#### Instructions to follow
A stretch of the entries below is to be set down exactly, running from the line with "The teeth were" through the line with "The outreach event", both included, and no other line.

[Data records]
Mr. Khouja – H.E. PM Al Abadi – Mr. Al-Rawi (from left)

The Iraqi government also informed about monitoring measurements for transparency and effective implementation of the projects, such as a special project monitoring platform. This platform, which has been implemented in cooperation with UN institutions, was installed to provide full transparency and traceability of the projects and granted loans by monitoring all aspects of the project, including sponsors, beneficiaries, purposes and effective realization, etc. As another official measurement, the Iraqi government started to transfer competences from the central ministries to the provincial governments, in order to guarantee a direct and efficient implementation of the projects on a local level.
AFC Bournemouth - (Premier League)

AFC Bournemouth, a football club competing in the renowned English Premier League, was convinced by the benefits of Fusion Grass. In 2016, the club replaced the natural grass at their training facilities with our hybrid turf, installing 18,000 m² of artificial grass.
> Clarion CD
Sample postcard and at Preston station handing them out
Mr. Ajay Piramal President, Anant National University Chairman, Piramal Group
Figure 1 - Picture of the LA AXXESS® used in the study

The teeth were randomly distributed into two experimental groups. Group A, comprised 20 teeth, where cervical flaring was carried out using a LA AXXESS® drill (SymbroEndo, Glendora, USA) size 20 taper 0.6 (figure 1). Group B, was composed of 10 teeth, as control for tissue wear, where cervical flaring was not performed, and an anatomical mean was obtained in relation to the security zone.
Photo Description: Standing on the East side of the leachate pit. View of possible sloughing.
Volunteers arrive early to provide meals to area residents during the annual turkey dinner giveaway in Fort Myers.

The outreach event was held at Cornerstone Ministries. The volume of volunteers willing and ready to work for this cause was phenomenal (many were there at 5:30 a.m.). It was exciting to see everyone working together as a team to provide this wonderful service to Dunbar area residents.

--

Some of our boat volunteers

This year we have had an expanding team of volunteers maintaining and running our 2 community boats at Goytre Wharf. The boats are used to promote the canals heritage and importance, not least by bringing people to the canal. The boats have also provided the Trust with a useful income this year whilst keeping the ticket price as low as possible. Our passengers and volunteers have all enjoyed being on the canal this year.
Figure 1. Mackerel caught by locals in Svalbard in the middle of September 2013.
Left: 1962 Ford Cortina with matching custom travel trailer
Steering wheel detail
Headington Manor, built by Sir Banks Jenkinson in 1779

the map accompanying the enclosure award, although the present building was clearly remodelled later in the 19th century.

#### Task response
The teeth were randomly distributed into two experimental groups. Group A, comprised 20 teeth, where cervical flaring was carried out using a LA AXXESS® drill (SymbroEndo, Glendora, USA) size 20 taper 0.6 (figure 1). Group B, was composed of 10 teeth, as control for tissue wear, where cervical flaring was not performed, and an anatomical mean was obtained in relation to the security zone.
Photo Description: Standing on the East side of the leachate pit. View of possible sloughing.
Volunteers arrive early to provide meals to area residents during the annual turkey dinner giveaway in Fort Myers.

The outreach event was held at Cornerstone Ministries. The volume of volunteers willing and ready to work for this cause was phenomenal (many were there at 5:30 a.m.). It was exciting to see everyone working together as a team to provide this wonderful service to Dunbar area residents.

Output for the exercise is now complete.